Si in effetti sono molto giovane, però questa storia la conosceva, ho avuto solo un vuoto di memoria


----------



## tifoso evorutto (13 Agosto 2015)

Albijol ha scritto:


> Dalla faccina dubbiosa capisco che sei giovanissimo, altrimenti non puoi non conoscere questa storia. . Baresi ha un figlio nero con la moglie (bianca). In realtà fu adottato ma le malelingue fecero girare la voce che il bambino fosse il frutto della relazione della moglie con Rjkaard e che quest'ultimo fosse stato venduto ancora nel pieno della carriera proprio per questo motivo. Ti dico solo che le prese in giro da parte dei tifosi avversari durarono anni, quando arrivò Weah ecco un coro dell'epoca: "E' arrivato Weah, E' arrivato Weah e Baresi è di nuovo papà  "



Qualcosa c'è stato, Gullit quando torno dalla Samp fù immediatamente rispedito via a gennaio nonostante stesse facendo tutt'altro che male, era stata chiamata in causa anche la compagna di Galliani 

Tra l'altro un giorno durante una partita dagli spalti sbeffeggiarono Baresi e qualcuno della società, mi pare Galliani, a fine partita disse qualcosa di molto simile a: non è giusto deridere i problemi personali di Baresi, 
non mi sembra una frase adatta per un adozione, 
tra l'altro conosciamo la fama della moglie, rischio anche di finire in galera per un giro di opere d'arte.


----------



## devils milano (13 Agosto 2015)

Albijol ha scritto:


> La moglie di Baresi dite che stavolta non c'entra niente?



ahahah tremenda questa...no scherzi a parte all'epoca si parlava di Rjikaard piu che di Gullit...


----------



## numero 3 (13 Agosto 2015)

Credo che F Baresi mal consigliato dalla moglie adottò un bambino in Messico ma arrivato in Italia affermò che il figlio fosse suo naturale. .crescendo il bambino acquistò ovviamente il carattere indio...


----------



## Milanforever26 (13 Giugno 2018)

Admin ha scritto:


> Nathan Akè, difensore olandese del Chelsea di 20 anni. La sua somiglianza con l'ex milanista Ruud Gullit è impressionante.
> 
> Akè è nel mirino del Genoa.
> 
> Ecco una foto



Quest'anno ha giocato con regolarità, mi pare anche bene..qualcuno ha seguito meglio l'evoluzione del figlio segreto di Gullit?

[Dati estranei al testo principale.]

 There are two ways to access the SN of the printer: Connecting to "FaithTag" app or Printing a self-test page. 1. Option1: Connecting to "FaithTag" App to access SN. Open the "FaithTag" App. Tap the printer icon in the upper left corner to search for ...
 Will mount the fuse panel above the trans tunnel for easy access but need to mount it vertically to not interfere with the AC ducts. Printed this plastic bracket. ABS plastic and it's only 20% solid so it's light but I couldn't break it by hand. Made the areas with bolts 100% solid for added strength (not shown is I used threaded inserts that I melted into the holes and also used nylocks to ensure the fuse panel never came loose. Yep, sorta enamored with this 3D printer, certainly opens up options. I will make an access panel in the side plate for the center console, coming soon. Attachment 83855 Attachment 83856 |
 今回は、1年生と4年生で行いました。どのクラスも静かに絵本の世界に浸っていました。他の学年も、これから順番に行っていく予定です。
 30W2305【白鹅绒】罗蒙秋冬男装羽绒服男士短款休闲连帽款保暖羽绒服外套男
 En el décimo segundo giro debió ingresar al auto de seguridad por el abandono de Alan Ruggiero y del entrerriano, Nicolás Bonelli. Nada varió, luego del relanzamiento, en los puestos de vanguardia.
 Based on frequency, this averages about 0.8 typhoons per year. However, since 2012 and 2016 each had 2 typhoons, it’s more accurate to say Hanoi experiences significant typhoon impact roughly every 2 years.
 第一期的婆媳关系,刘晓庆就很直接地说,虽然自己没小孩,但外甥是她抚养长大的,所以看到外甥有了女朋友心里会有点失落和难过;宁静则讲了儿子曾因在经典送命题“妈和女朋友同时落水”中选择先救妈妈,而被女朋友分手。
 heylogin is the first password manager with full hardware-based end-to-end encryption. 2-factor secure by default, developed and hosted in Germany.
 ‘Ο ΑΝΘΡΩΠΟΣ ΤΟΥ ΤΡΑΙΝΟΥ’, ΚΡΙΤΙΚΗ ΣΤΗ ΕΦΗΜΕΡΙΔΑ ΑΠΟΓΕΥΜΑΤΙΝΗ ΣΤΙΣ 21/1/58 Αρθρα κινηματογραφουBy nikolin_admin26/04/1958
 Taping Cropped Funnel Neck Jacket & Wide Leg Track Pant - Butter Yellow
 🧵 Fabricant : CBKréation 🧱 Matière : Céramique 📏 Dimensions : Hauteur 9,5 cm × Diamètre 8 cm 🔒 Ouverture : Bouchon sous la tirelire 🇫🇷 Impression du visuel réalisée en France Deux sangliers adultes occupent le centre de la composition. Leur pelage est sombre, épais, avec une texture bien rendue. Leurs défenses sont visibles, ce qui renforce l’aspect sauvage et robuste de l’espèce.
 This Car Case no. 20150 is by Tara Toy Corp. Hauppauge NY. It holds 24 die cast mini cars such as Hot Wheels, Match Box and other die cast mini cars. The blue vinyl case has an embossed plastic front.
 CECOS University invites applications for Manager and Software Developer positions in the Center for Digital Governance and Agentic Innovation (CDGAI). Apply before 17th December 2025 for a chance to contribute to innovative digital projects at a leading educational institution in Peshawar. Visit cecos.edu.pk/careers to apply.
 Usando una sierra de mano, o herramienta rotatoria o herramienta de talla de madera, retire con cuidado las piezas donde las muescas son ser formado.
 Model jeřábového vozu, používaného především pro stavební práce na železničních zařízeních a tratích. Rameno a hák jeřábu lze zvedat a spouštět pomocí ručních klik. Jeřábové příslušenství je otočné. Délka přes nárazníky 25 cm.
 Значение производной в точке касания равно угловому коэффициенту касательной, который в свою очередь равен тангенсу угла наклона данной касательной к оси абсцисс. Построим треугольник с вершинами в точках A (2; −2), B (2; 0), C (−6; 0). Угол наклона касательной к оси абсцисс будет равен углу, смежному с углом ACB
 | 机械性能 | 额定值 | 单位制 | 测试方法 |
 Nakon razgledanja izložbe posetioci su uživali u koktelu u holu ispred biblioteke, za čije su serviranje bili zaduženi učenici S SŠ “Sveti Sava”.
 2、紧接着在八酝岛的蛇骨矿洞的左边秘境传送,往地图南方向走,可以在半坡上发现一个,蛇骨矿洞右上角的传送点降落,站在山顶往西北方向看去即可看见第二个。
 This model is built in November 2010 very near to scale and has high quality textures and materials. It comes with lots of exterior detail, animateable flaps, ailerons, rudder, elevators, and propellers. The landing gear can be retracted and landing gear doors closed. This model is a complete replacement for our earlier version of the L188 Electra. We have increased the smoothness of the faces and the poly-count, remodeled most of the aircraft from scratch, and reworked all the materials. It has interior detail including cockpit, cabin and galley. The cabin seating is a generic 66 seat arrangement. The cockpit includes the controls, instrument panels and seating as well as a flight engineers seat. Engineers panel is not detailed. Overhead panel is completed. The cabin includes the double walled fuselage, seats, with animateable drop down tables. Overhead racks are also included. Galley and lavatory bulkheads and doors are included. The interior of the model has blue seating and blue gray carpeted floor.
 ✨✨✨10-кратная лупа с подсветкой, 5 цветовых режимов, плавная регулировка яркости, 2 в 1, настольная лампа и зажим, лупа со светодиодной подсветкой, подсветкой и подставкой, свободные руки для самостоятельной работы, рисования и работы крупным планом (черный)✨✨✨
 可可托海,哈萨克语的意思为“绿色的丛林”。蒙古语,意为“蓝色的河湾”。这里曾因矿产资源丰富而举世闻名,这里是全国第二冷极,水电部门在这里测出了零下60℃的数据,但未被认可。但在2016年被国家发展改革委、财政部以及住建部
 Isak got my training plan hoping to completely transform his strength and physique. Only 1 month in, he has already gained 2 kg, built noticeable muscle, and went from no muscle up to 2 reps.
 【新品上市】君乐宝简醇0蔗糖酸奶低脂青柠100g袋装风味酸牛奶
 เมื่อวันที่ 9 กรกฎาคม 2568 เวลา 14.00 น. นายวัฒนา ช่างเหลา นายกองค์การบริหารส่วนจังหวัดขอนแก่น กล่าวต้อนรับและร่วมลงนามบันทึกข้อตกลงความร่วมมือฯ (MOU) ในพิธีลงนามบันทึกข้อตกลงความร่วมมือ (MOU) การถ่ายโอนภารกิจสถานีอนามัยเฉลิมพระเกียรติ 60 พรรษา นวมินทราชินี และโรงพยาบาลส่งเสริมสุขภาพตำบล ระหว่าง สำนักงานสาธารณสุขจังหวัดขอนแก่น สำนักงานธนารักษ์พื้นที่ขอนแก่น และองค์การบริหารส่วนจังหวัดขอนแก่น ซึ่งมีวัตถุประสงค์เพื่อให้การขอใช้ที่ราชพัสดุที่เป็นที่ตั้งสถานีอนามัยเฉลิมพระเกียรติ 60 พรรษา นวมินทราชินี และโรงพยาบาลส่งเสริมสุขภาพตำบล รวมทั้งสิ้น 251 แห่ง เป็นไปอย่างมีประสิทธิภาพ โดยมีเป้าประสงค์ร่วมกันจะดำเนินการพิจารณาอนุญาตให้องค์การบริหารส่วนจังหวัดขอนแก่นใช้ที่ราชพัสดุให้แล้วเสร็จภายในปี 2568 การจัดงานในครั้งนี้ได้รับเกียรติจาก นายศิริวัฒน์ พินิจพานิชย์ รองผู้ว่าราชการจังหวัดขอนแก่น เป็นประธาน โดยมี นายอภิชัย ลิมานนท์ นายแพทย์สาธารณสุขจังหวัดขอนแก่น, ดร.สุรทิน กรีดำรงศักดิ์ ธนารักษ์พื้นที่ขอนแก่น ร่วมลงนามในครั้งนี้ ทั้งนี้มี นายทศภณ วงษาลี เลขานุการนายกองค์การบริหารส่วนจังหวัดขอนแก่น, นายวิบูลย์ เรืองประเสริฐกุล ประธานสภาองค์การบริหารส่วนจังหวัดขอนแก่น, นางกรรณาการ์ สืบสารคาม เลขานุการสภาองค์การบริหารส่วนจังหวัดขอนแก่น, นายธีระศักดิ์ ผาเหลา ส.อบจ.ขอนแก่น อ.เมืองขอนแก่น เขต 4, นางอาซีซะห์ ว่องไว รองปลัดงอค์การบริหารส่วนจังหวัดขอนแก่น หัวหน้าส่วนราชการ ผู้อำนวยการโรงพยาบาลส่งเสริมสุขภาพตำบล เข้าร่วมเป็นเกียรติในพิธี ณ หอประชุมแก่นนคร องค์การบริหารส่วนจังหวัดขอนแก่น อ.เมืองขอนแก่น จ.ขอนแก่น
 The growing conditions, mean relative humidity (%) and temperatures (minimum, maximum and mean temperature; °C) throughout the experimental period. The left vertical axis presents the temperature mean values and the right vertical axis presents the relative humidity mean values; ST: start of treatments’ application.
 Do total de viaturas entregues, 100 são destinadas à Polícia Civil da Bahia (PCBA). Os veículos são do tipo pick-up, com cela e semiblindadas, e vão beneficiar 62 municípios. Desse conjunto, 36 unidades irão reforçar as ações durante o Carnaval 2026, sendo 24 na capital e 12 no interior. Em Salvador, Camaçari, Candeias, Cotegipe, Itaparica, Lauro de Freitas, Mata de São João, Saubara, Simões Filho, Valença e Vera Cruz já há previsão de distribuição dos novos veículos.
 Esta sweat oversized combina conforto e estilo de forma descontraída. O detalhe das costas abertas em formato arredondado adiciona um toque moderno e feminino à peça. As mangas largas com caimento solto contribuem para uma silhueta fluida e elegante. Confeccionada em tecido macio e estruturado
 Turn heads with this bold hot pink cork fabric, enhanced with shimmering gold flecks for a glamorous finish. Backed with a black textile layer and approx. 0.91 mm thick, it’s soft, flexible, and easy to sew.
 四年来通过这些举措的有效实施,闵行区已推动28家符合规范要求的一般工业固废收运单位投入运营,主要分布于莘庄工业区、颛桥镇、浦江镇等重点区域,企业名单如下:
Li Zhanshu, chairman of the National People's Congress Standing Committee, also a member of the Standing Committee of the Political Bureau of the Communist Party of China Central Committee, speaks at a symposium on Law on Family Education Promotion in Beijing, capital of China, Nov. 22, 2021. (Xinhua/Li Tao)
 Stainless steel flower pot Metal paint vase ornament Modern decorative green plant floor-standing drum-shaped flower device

Mi sa che ne viene fuori un bel difensore..


----------



## unbreakable (16 Giugno 2018)

Milanforever26 ha scritto:


> Quest'anno ha giocato con regolarità, mi pare anche bene..qualcuno ha seguito meglio l'evoluzione del figlio segreto di Gullit?
> 
> Mi sa che ne viene fuori un bel difensore..



Io quando facevo le formazioni per i vari fantacalcio inglesi lo mettevo sempre tra i tre di difesa..forte di testa era in prestito dal chelsea al bournemouth..poi il bournemouth se l' e' comprato, per me non è affatto male..


----------